En août 2018, l’influent stratège républicain Thomas Hofeller a rendu l’âme. Surnommé le « Michel-Ange du gerrymandering » (charcutage électoral), il a été le grand architecte du découpage partisan des circonscriptions électorales qui a cimenté l’avantage des républicains dans plusieurs États américains.

Or, sa fille, avec qui il s’était brouillé, a découvert dans ses affaires 75 000 fichiers enregistrés sur des disques durs, dont l’un contenait un document qui a fait surface en mai dernier.
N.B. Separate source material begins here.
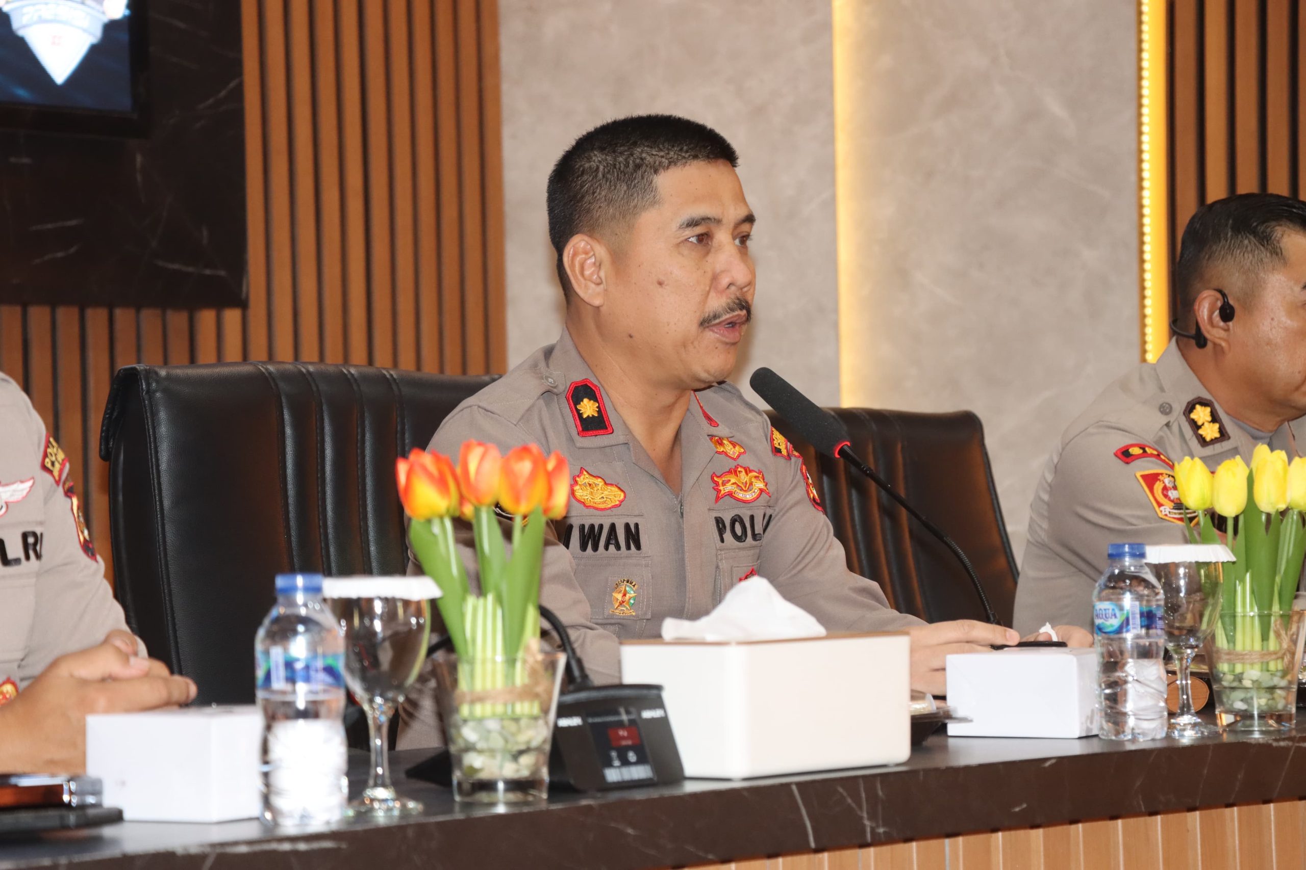 KRSUMSEL.COM, Muba – Bertempat di aula H Alex Noerdin Mapolres Musi Banyuasin (Muba), Selasa (29/4) pagi. Wakapolres Muba Kompol Iwan Wahyudi, Kabag Sumda Polres Muba Kompol Novrizal dan Kasat Lantas Polres Muba AKP Pandri Pratama Putra Simbolon menerima sebanyak 30 orang siswa Dikbangspers SPN Betung Polda Sumsel.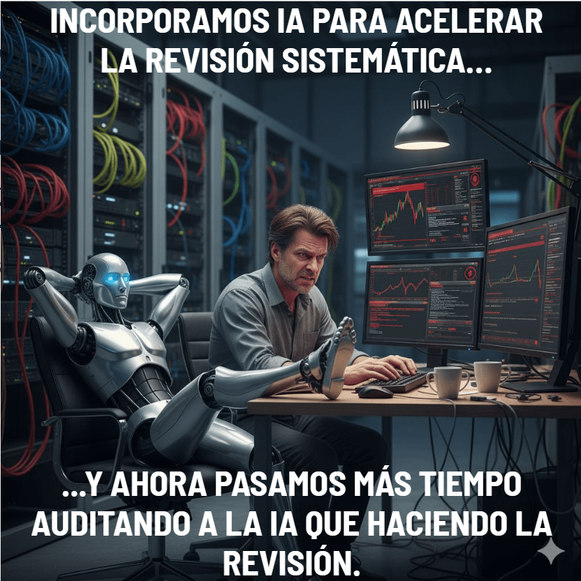 - Siempre necesita supervisión: El uso de IA no elimina la figura del bibliotecario experto ni del equipo de revisión. Más bien cambia su papel: deja de ser quien hace cada paso manualmente para convertirse en quien valida, corrige y toma decisiones informadas. Sin esa supervisión, la IA puede generar estrategias amplias, pero no necesariamente adecuadas.

Il s’agit d’une étude inédite réalisée en 2015 sur l’impact d’un découpage électoral basé seulement sur les citoyens en âge de voter plutôt que sur la population totale d’un État.

Un tel découpage « serait avantageux pour les républicains et les Blancs non hispaniques » et diluerait le pouvoir politique des Hispaniques, a conclu Thomas Hofeller dans son étude commanditée par le site conservateur The Washington Free Beacon, dont le bailleur de fonds est le financier milliardaire Paul Singer.

Le hic, c’est que la donnée sur les citoyens en âge de voter n’existait pas. Or, juste après l’élection de Donald Trump en 2016, Thomas Hofeller a suggéré à son équipe de transition d’ajouter la question sur la citoyenneté dans le recensement de 2020. Il a plus tard fourni un motif pour justifier l’ajout : une meilleure application de la loi sur le droit de vote de 1965.

Qu’à cela ne tienne : l’administration Trump nie tout rôle de la part de Thomas Hofeller dans sa décision d’ajouter la question sur la citoyenneté dans le recensement de 2020. Quant à la décision de la Cour suprême, elle ne devrait pas être influencée par cette controverse survenue après l’audition des plaidoiries orales.